## [THE TASK]
Print, exactly as they stand, the lines below from the one that has "epa10552484 (L-R) Wife" to the one that has "Are you ready", inclusive, leaving out the pictures.

## [TASK MATERIAL]
======
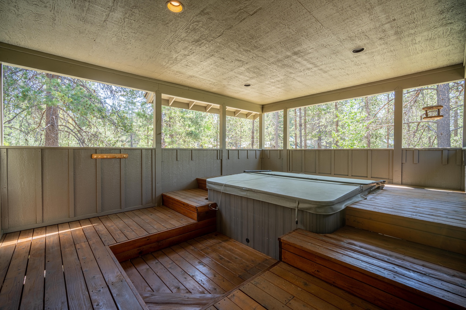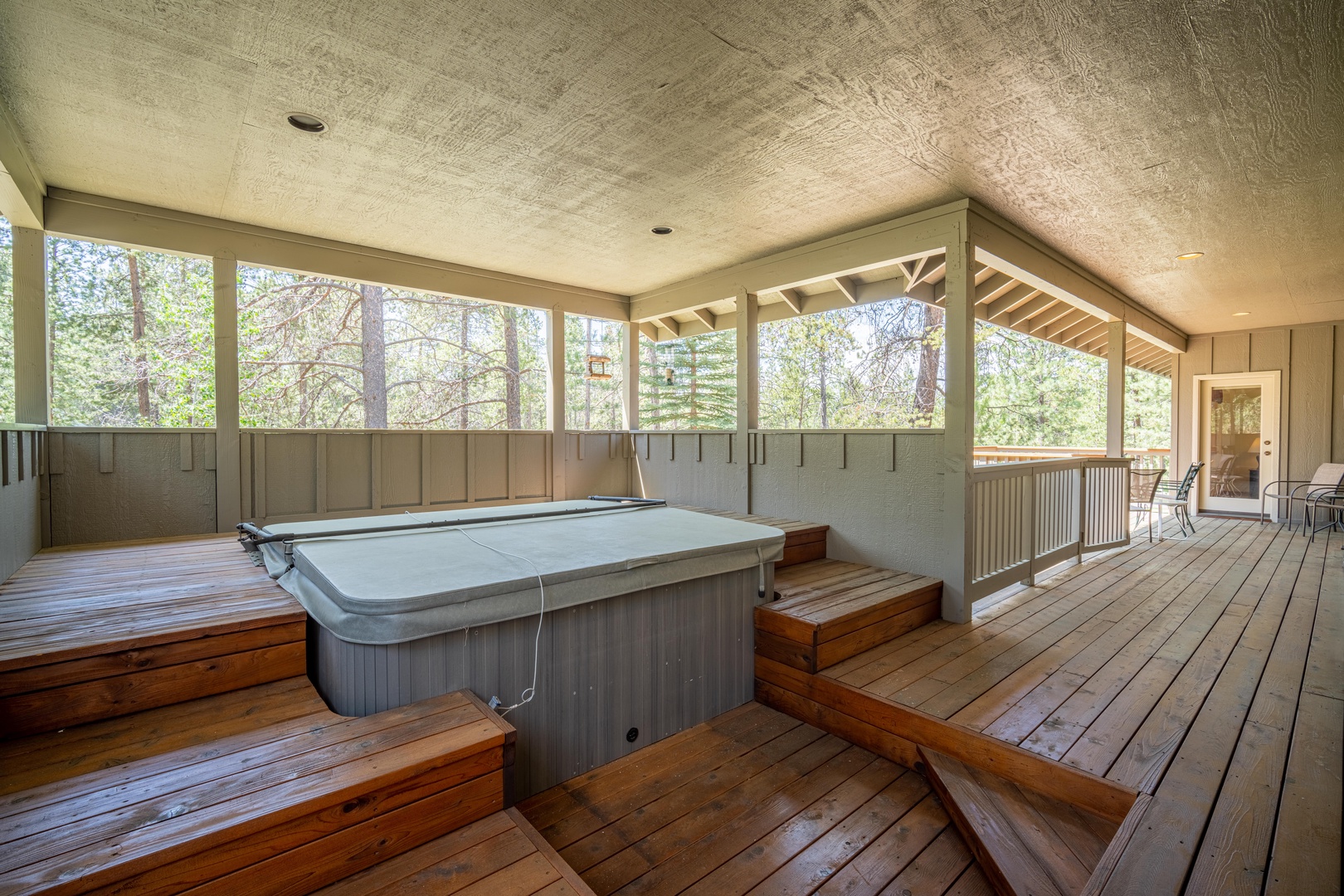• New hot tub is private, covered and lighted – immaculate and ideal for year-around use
======
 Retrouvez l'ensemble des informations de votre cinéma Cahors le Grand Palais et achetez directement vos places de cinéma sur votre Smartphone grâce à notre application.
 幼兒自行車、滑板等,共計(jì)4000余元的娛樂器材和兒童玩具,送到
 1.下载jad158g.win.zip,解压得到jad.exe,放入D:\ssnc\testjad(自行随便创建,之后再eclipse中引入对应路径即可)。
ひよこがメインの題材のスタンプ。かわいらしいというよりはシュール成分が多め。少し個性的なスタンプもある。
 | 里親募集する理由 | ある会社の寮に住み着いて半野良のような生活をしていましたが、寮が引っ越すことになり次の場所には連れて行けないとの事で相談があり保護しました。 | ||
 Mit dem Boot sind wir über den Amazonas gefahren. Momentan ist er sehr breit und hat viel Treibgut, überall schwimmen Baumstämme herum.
======
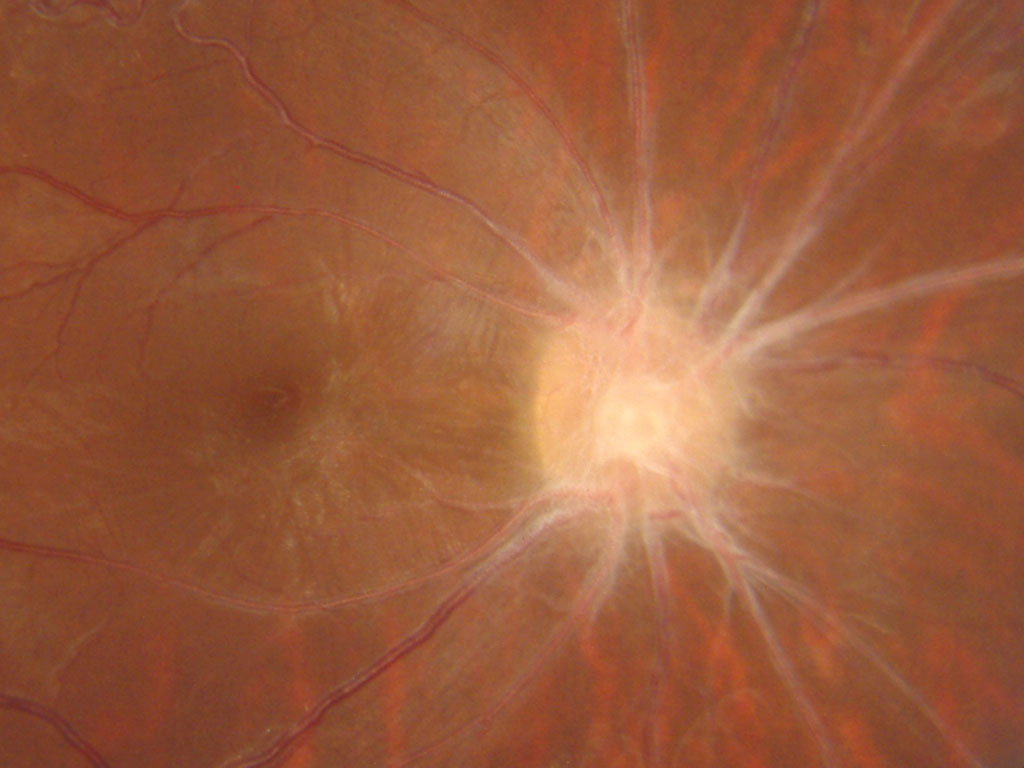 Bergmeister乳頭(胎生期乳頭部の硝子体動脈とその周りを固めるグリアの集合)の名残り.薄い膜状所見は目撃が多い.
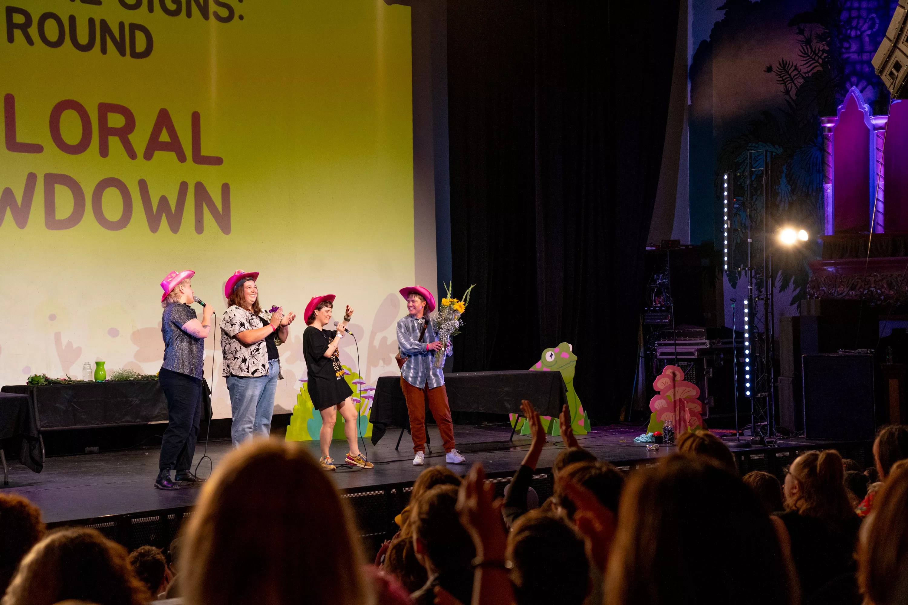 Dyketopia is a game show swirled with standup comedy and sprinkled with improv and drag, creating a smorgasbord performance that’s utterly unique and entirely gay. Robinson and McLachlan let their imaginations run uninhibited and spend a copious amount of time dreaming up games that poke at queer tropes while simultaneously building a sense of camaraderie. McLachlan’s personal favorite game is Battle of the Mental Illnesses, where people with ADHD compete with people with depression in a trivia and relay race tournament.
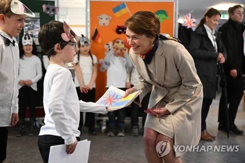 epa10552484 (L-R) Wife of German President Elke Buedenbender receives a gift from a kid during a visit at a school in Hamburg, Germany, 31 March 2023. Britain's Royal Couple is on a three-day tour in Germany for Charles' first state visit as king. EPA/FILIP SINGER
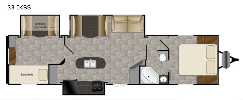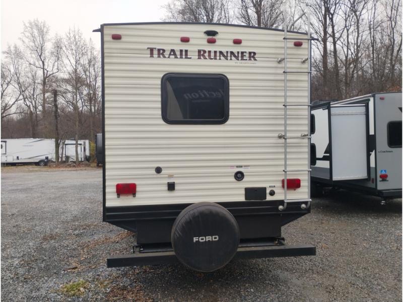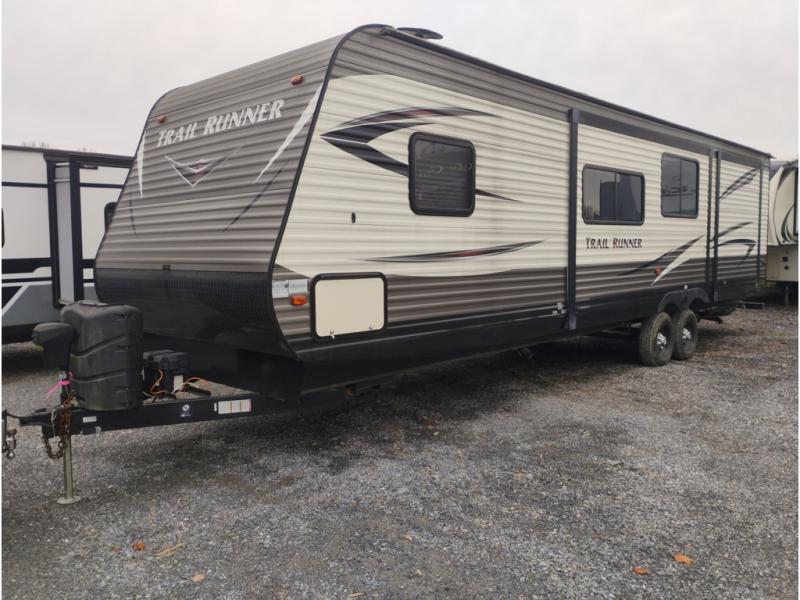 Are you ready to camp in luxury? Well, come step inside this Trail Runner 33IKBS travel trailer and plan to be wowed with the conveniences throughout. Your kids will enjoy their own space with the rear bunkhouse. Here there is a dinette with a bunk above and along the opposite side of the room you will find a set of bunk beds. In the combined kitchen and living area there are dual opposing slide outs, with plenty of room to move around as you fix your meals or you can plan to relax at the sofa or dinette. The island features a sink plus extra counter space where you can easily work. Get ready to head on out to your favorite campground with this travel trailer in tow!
======
## [ANSWER BOX]
 epa10552484 (L-R) Wife of German President Elke Buedenbender receives a gift from a kid during a visit at a school in Hamburg, Germany, 31 March 2023. Britain's Royal Couple is on a three-day tour in Germany for Charles' first state visit as king. EPA/FILIP SINGER
 Are you ready to camp in luxury? Well, come step inside this Trail Runner 33IKBS travel trailer and plan to be wowed with the conveniences throughout. Your kids will enjoy their own space with the rear bunkhouse. Here there is a dinette with a bunk above and along the opposite side of the room you will find a set of bunk beds. In the combined kitchen and living area there are dual opposing slide outs, with plenty of room to move around as you fix your meals or you can plan to relax at the sofa or dinette. The island features a sink plus extra counter space where you can easily work. Get ready to head on out to your favorite campground with this travel trailer in tow!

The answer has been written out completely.